__Exercise directions__: Using the entries that follow, transcribe only the lines from the line with "同シリーズでSTEP2:55" to the line with "Draai, knijp en", both included, exactly as they stand and without pictures.

Dataset items:
# # # # # # #
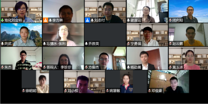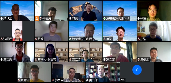 近日,地球化学系组织了一次别开生面的硕士论文网络集中答辩,19位硕士生分两个专题会场向答辩委员会宣读了自己的论文,并接受了评委老师的学术质疑。经过认真评议问询和充分讨论,答辩委员会以无记名方式一致通过了19位同学的论文答辩。硕士生进行论文集中答辩,是学院向研究生培养要质量的重要改革举措之一,已持续实施多年。仅地球化学系此次答辩的19位硕士研究生,就以第一作者发表T1论文4篇(含Nature Index论文1篇)、T2论文3篇、T4论文1篇,另有多位同学的论文工作91热爆 明显,反映了地化系人才培养的突出成绩。答辩会议结束后,满怀着对学子们优异研学成绩的充分肯定和即将走向社会的依依不舍,地球化学系全体教师向同学们发出了充满深情的祝福和期望。
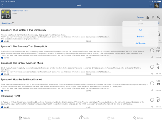 • Download episodes over WiFi or Cellular (on devices that have cellular).
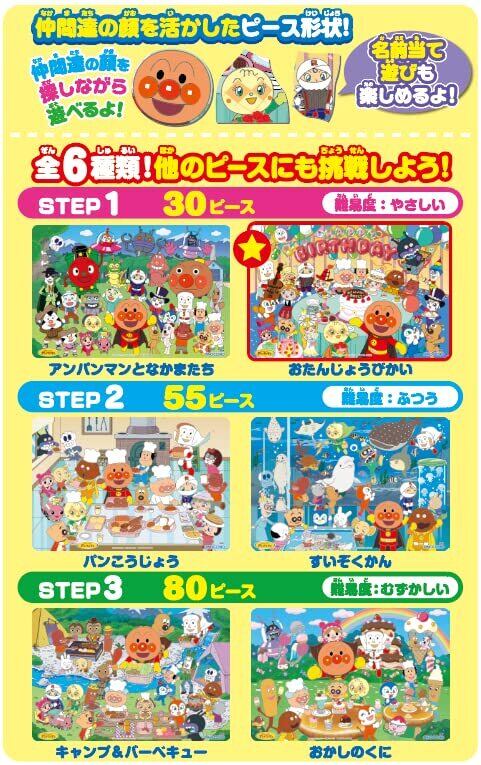 同シリーズでSTEP2:55ピース(パンこうじょう・すいぞくかん)、STEP3:80ピース(キャンプ&バーベキュー・おかしのくに)があります。
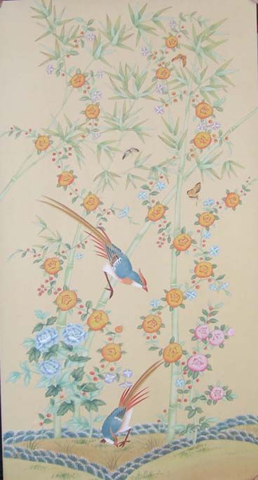 特点:丝绸壁纸以精致而复杂的手工绘制为特点,整套流程全手工制作。
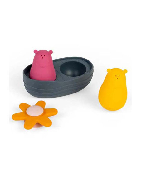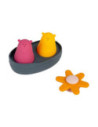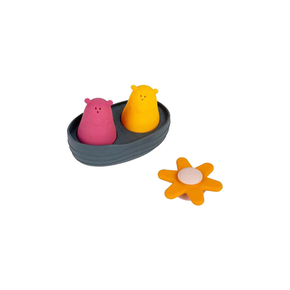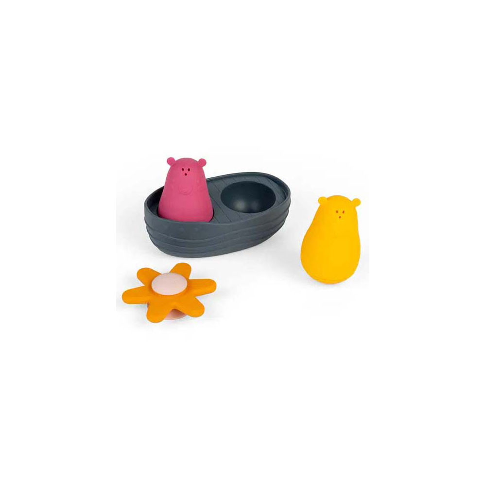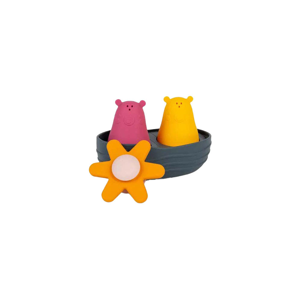 Draai, knijp en zeil! Deze actievolle sensorische badset is gemaakt van zachte siliconen en wordt geleverd met vier friemelvriendelijke waterspeeltjes die zijn ontworpen voor speelse badavonturen. Kinderen kunnen het bloemenwiel draaien, water uit de twee beren schieten en de boot langs golvende bubbelbadzeeën leiden.
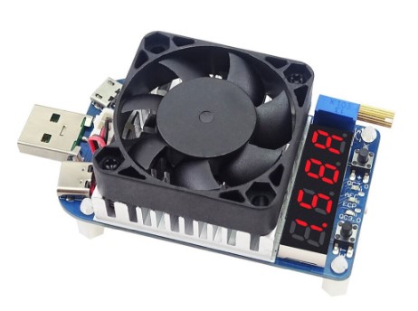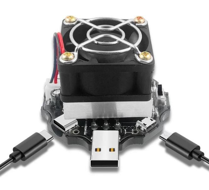 Мой фаворит, и мой основной электронный нагрузочный модуль, которым я тестирую зарядные устройства высокой мощности (мощностью от 35 ватт). Есть модификации как со встроенной системой охлаждения, так и сама плата. Рационально покупать версию без фирменной системы охлаждения, так как именно «родная» система охлаждения посредственно выполняет свою функцию отвода тепла (небольшой радиатор играет свою роль).
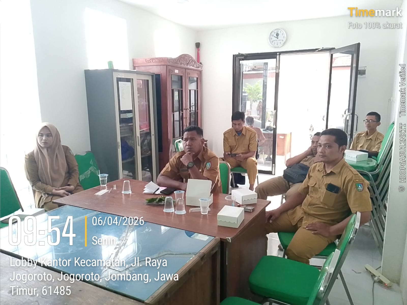 Pada hari Senin, tanggal 06 April 2026, di Ruang PKK Kecamatan Jogoroto, mulai pukul 09.00 WIB s/d selesai, Kaur Kesra dan Operator SIGN-NG Se Kecamatan Jogoroto mengikuti Zoom Meeting Sosialisasi Penyaluran Bantuan Pangan Beras dan Minyak Goreng Bulan Pebruari dan Maret 2026 Kabupaten Jombang. Yang mengundang Perum BULOG Cabang Mojokerto, yang diundang instansi terkait. Rapat dipimpin Sekretaris Daerah Kabupaten Jombang.
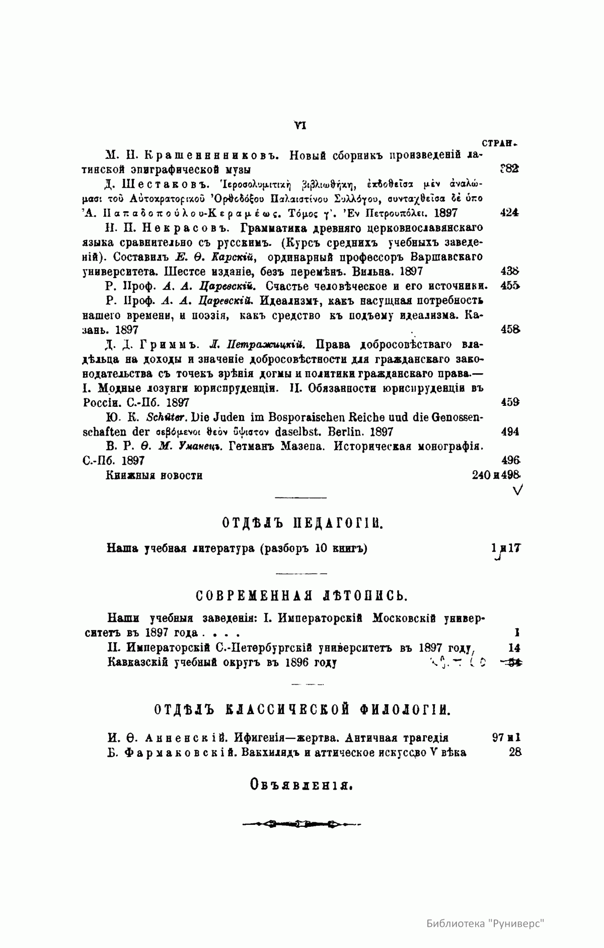 Журнал широкого профиля (гуманитарные науки), но в нем печатались философские статьи, имеется много официального материала, ценного для понимания истории философии в России.
# # # # # # #
__Expected output__:
 同シリーズでSTEP2:55ピース(パンこうじょう・すいぞくかん)、STEP3:80ピース(キャンプ&バーベキュー・おかしのくに)があります。
 特点:丝绸壁纸以精致而复杂的手工绘制为特点,整套流程全手工制作。
 Draai, knijp en zeil! Deze actievolle sensorische badset is gemaakt van zachte siliconen en wordt geleverd met vier friemelvriendelijke waterspeeltjes die zijn ontworpen voor speelse badavonturen. Kinderen kunnen het bloemenwiel draaien, water uit de twee beren schieten en de boot langs golvende bubbelbadzeeën leiden.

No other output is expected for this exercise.